▸ **Instructions for the task**: Going from the line that contains "STOCK CLEARANCE: ACC" through the last line of the records, set down each line again exactly, both included, with pictures left out.

====

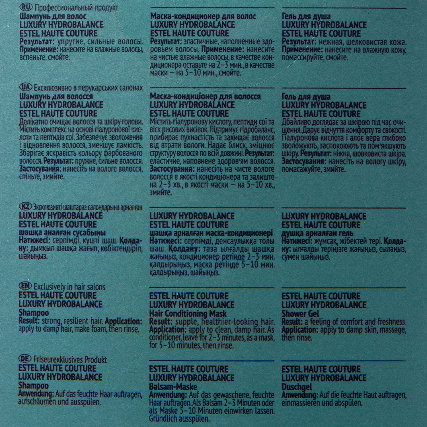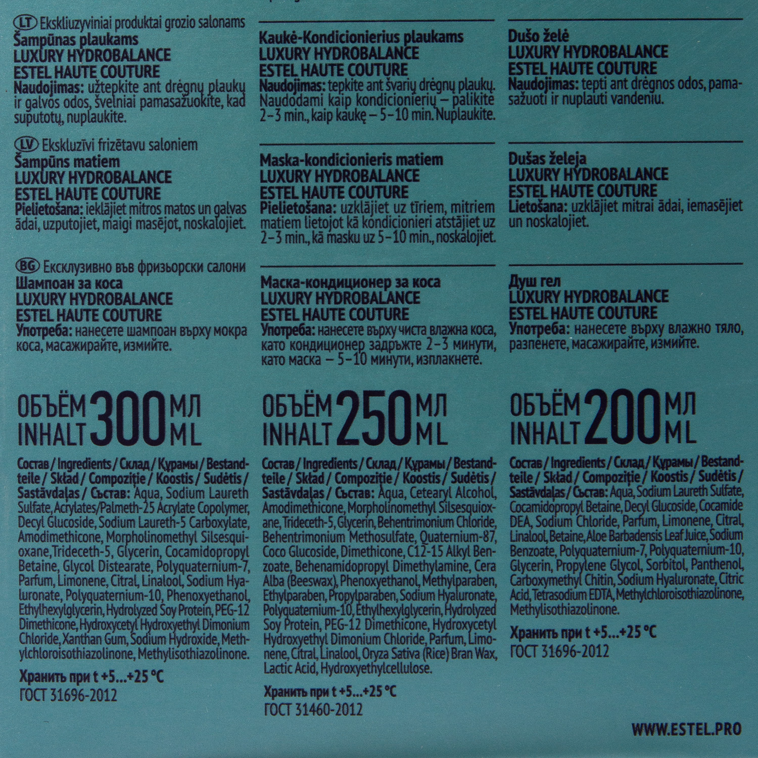 Набор Hydrobalance Haute Couture: Шампунь 300 мл, Маска-кондиционер 250 мл, Гель для душа 200 мл ESTEL
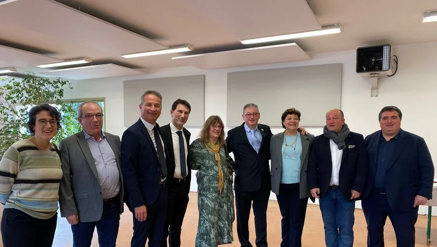 De nombreux élus ont fait le déplacement pour les vœux, ici autour d’Alain Scudellaro. Photo DDM - Ysabel
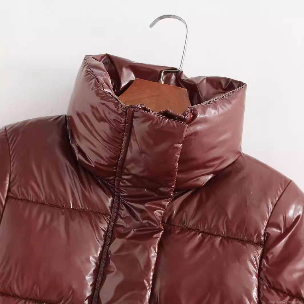 Solid Color, Quilting, Zipper, Drawstring, Turtleneck, Glossy Patent Leather
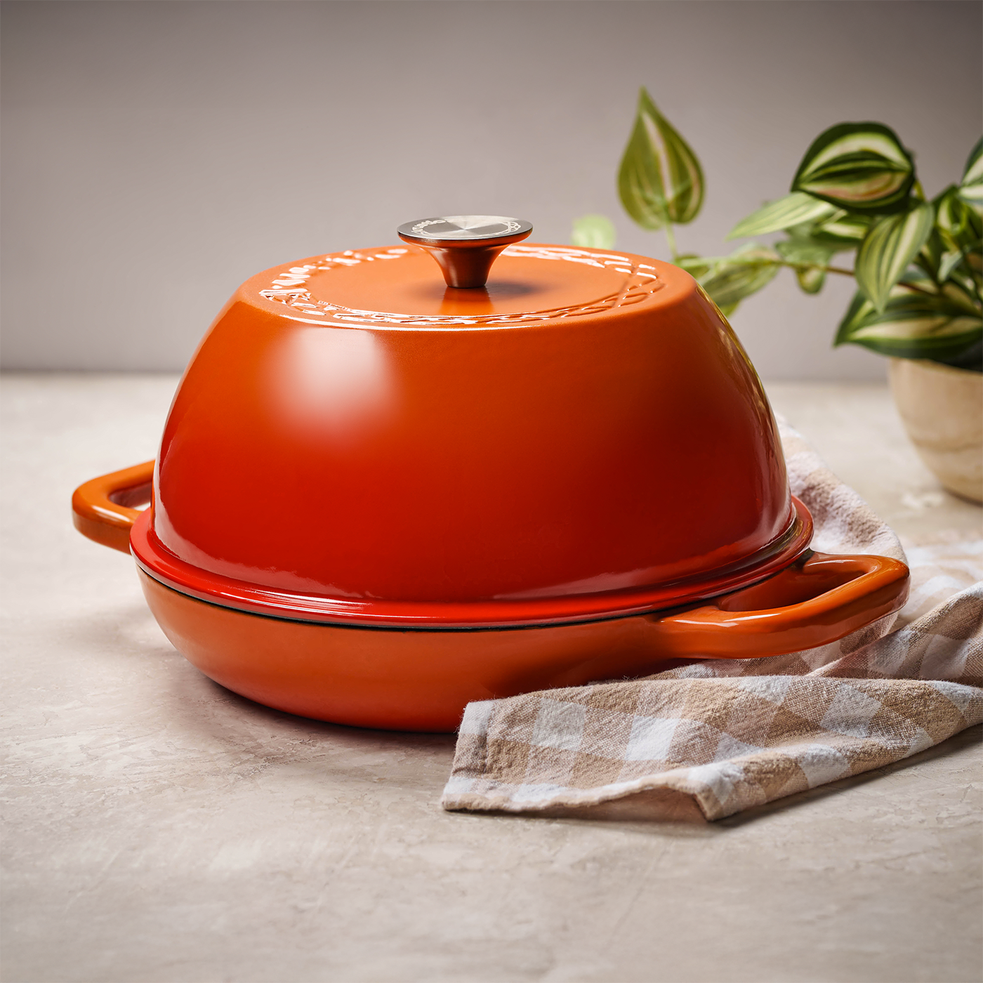 Bake your greatest loaves with zero mess! Our enameled freeform oven combines the legacy performance of cast iron with the latest generation of ceramic enamels for a multipurpose oven that’s safely nonstick. The tight-fitting lid helps trap steam and heat for fluffy loaves that spring into irresistible form.
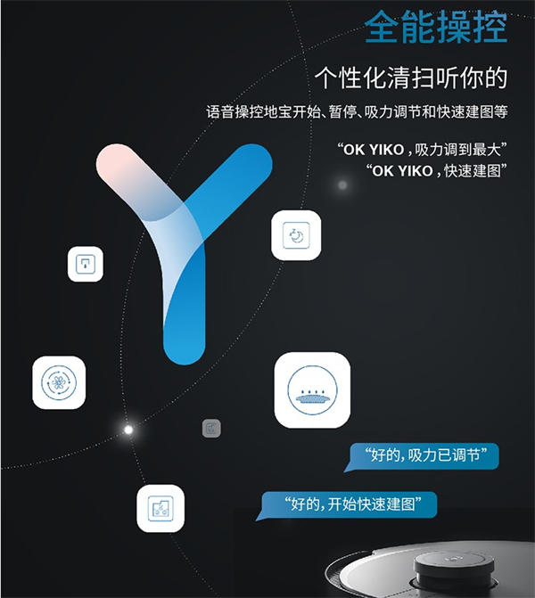 比较有意思的是这款扫地机可以构建3D立体户型图,三维成像,通过手机就能查看到你的户型结构,很有趣。另外这款产品还有个独特的语音助手——YIKO,即使你家里没有智能音箱,也能通过语音的方式控制它,而且还能把它叫到你面前的位置进行定点清洁。当然,它也可以完成一些智能音箱的功能,例如查天气、单位换算等。
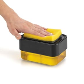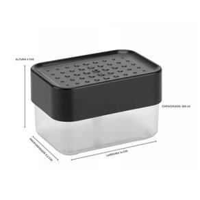 Design moderno e elegante na cor preta, complementa a decoração da sua cozinha. Feito de polipropileno e cristal resistente e durável. Capacidade de 600ml para armazenar bastante detergente. Dosador por pressão evita desperdício e facilita o uso. Mantenha a esponja seca com o suporte integrado.
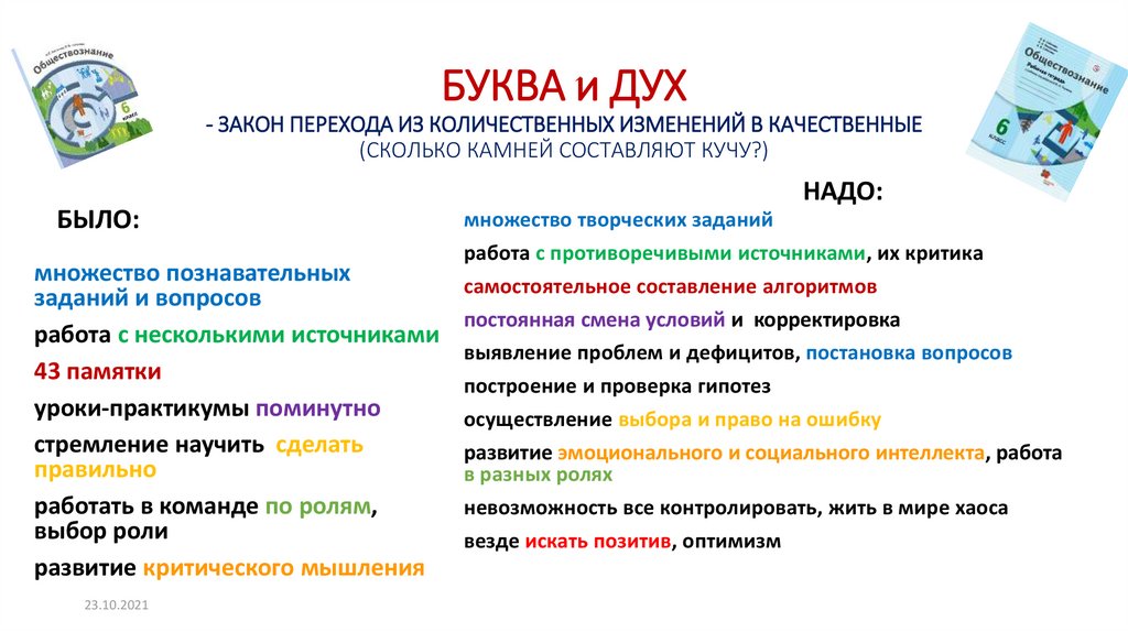 БУКВА и ДУХ- ЗАКОН ПЕРЕХОДА ИЗ КОЛИЧЕСТВЕННЫХ ИЗМЕНЕНИЙ В КАЧЕСТВЕННЫЕ
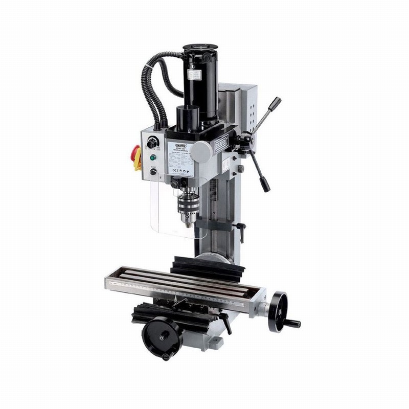 Draper 350w Variable Speed Milling and Drilling Machine – Precision metal working lathe, incorporated with a powerful 350W motor delivering excellent power output capable of handling most materials. The milling/drilling machine encompasses a working table with T slots, which enables clamping and securement of work. Each milling/drilling machine is fitted with metric graduated compound scales, column tilt feature (0-45°), a front mounted NVR switch and finely tuned 3-plane adjustment table. All these features make for an excellent milling/drilling machine, ideal for small industrial units.
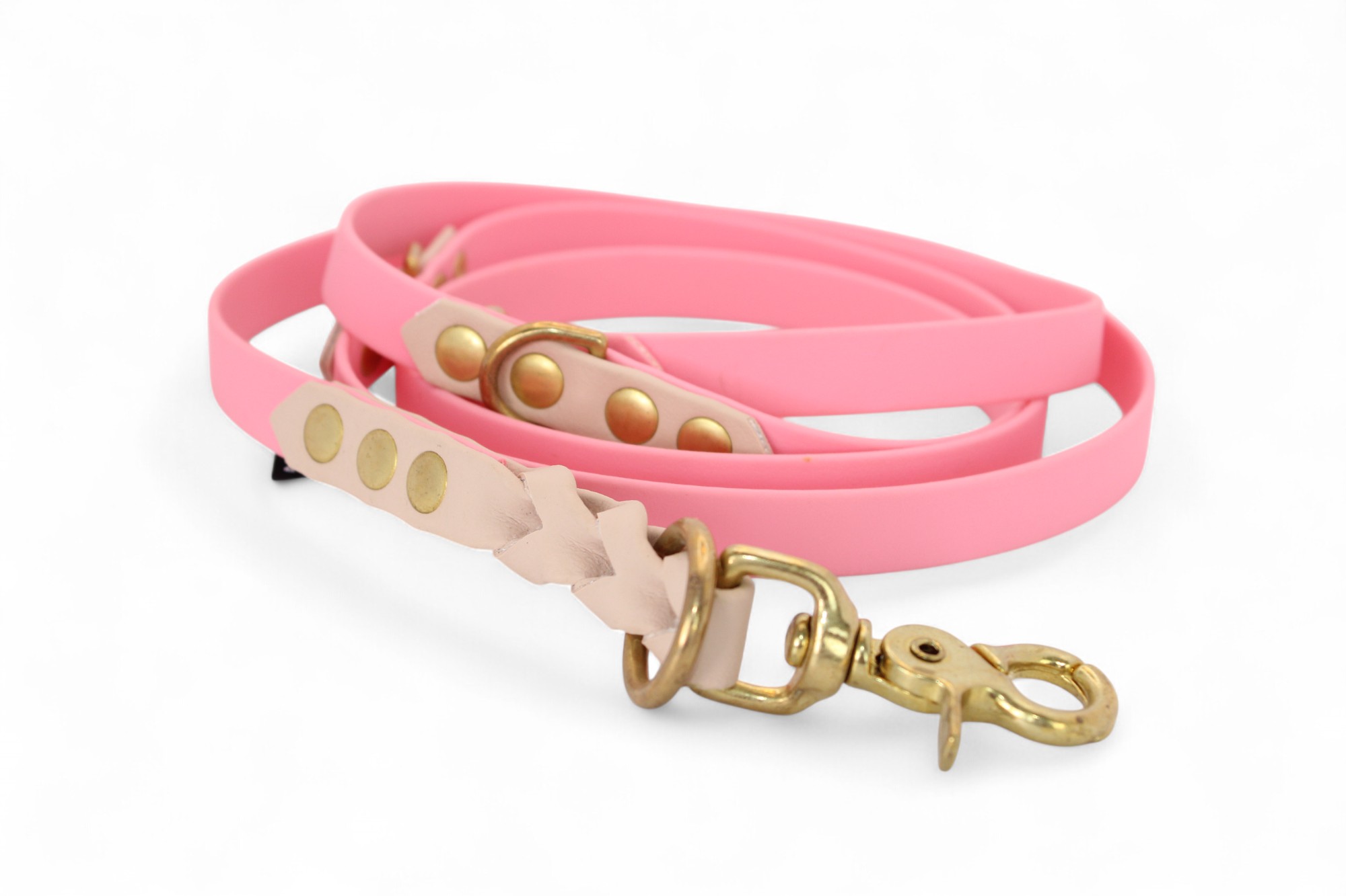 STOCK CLEARANCE: ACC Biothane® Multi-Clip Leash 165cm/16mm dream pink with plaited beige and brass finishings
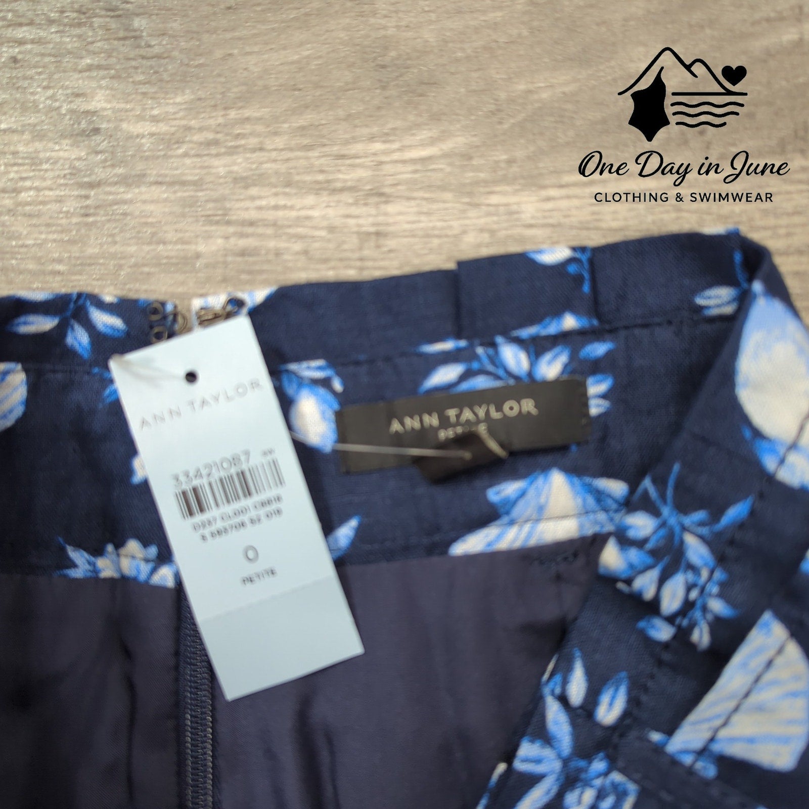 Ann Taylor Linen Belted Floral Lined Midi Skirt Size 0
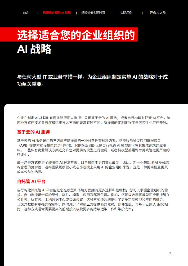 企业在制定AI战略时有两条路径可以选择:采用基于云的AI服务;或者自行构建并托管AI平台。这两种方式在技术参与度和运维投入方面的要求有所不同,所提供的定制化程度与可控性也存在差异。

====

▸ **Solution to this problem**:
 STOCK CLEARANCE: ACC Biothane® Multi-Clip Leash 165cm/16mm dream pink with plaited beige and brass finishings
 Ann Taylor Linen Belted Floral Lined Midi Skirt Size 0
 企业在制定AI战略时有两条路径可以选择:采用基于云的AI服务;或者自行构建并托管AI平台。这两种方式在技术参与度和运维投入方面的要求有所不同,所提供的定制化程度与可控性也存在差异。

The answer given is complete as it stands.